US 11,832,919 B2
Method for generating training data for use in monitoring the blood pressure of a person that utilizes a pulse wave signal generated from radio frequency scanning
Michael A Leabman, San Ramon, CA (US)
Assigned to Movano Inc., Pleasanton, CA (US)
Filed by MOVANO INC., San Ramon, CA (US)
Filed on Dec. 18, 2020, as Appl. No. 17/127,903.
Prior Publication US 2022/0192522 A1, Jun. 23, 2022
Int. Cl. A61B 5/021 (2006.01); A61B 5/00 (2006.01); H01Q 1/27 (2006.01); A61B 5/05 (2021.01); H01Q 21/24 (2006.01)

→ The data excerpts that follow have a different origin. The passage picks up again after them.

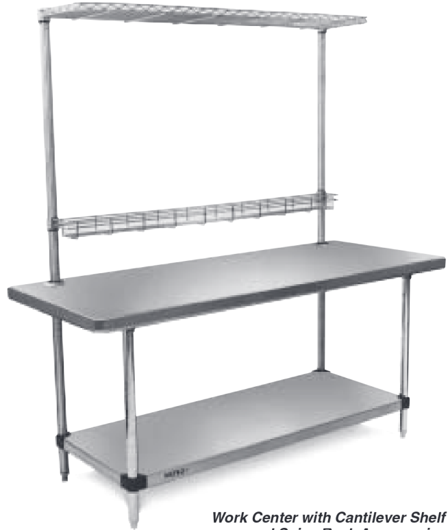
Work Center with Cantilever Shelf and Spice Rack Accessories
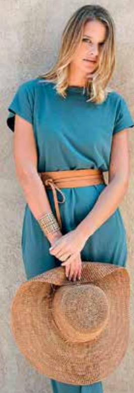
CHARLOTTE COTTON MAXI DRESS Dh400, Phemke.com
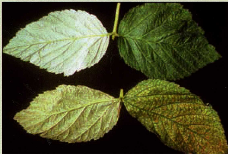
Top: Healthy leaves. Bottom: Leaves with mite damage. Note the yellowing and blotchy appearance.
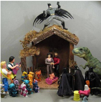
Image Description: Photo of a nativity scene with toy figurines: Deanna Troi as Mary, Cmdr. Riker as Joseph, 3 Darth Vaders as the wise men, Batman on the roof as an angel, T-Rex figurine, and assorted other characters.

The theme of Advent 2023 is “Children,” especially that they are individuals in their own right—not as an extension of their parents or society, but with their own hopes, fears, dreams, and needs. Who knew that more than Joseph and Mary?
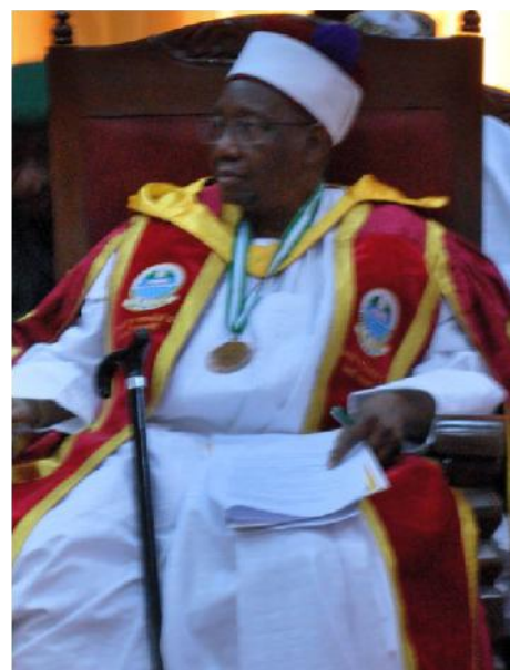
The Chancellor, His Eminence, Alhaji (Dr.) Abubakar Ibn Umar Garbair Al-Amin El-Kanemi, Shehu of Borno

The Visitor expressed worry that some Nigerian Universities were still not demonstrating adequate capacity for fund utilisation, despite the clamour for increased funding of higher education institutions. While some universities still find it difficult to access funds from TETFund because they have not shown enough commitment to meeting the requirements for the release of such funds, there are still some problems regarding the utilisation of the Needs Assessment fund for the revitalisation of Nigerian Universities, where also
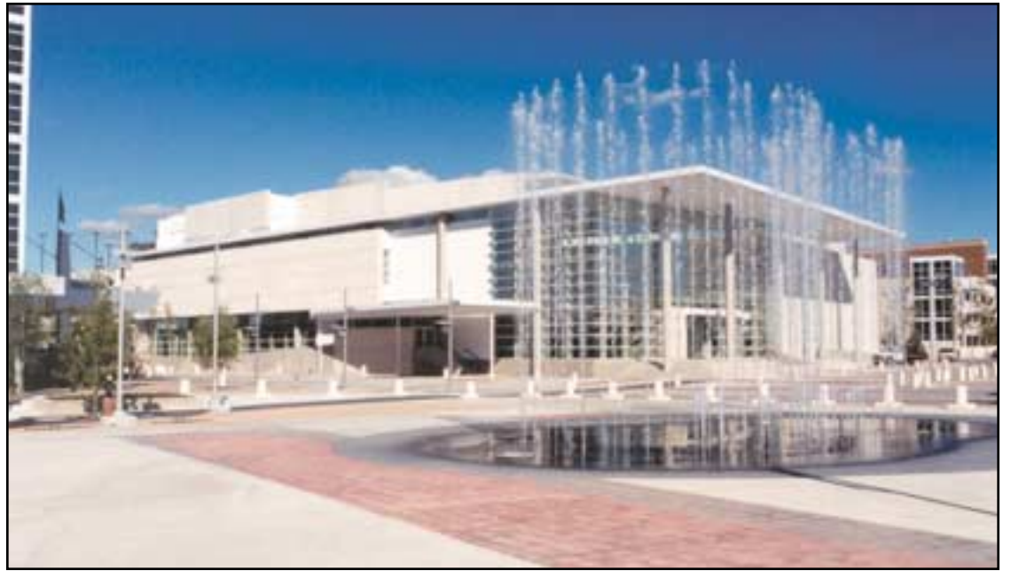
The impressive new Charles W. Eisemann Center for Performing Arts and Corporate Presentations is the site of the next TIAA annual meeting, set for May 22.

Owned and operated by the City of Richardson, the Eisemann
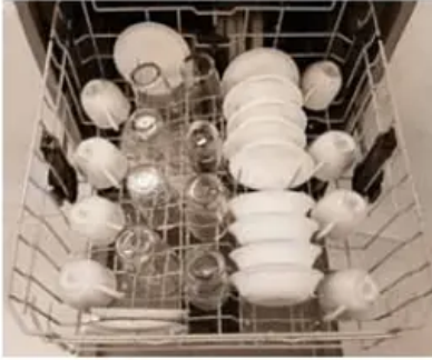
Upper Rack - 8 Place Settings GDF510, GDF511, GDT535

CPC A61B 5/02108 (2013.01) [A61B 5/05 (2013.01); A61B 5/7267 (2013.01); H01Q 1/273 (2013.01); H01Q 21/24 (2013.01)] 15 Claims
OG exemplary drawing
 
1. A computer-implemented method for use in monitoring a health parameter, the method comprising:
receiving a pulse wave signal that is generated from radio frequency scanning data that corresponds to radio waves that have reflected from below the skin surface of a person,
wherein the radio frequency scanning data is collected through a two-dimensional array of receive antennas over a range of radio frequencies;
extracting features from at least one of the pulse wave signal and a mathematical model generated in response to the pulse wave signal;
labeling the features extracted from at least one of the pulse wave signal and the mathematical model generated in response to the pulse wave signal, with time-synchronized corresponding blood pressure information;
using the labeled features extracted from at least one of the pulse wave signal and the mathematical model generated in response to the pulse wave signal as ground truths to generate training data,
wherein the time-synchronized corresponding blood pressure information is obtained from blood pressure measurements via a catheter or a sphygmomanometer;
extracting features, as a function of time, from a publicly available digital dataset of pulse pressure waveforms and blood pressure data;
labeling the features extracted from the publicly available digital dataset of pulse pressure waveforms and blood pressure data, with time-synchronized corresponding blood pressure information;
using the labeled features extracted from the publicly available digital dataset of pulse pressure waveforms and blood pressure data as ground truths to generate supplemental training data;
training a machine learning model using the training data and the supplemental training data to produce a trained machine learning model, wherein the trained machine learning model correlates 1) the labeled features extracted from at least one of the pulse wave signal and the mathematical model generated in response to the pulse wave signal, and 2) the labeled features extracted from the publicly available digital dataset of pulse pressure waveforms and blood pressure data,
wherein
the training of the machine learning model comprises weighting the training data generated from the radio frequency scanning data more heavily than the supplemental training data generated from the publicly available digital dataset; and
utilizing the trained machine learning model, implementing an inference operation to generate values that are indicative of blood pressure in response to the extracting features from at least one of the pulse wave signal and a mathematical model generated in response to the pulse wave signal.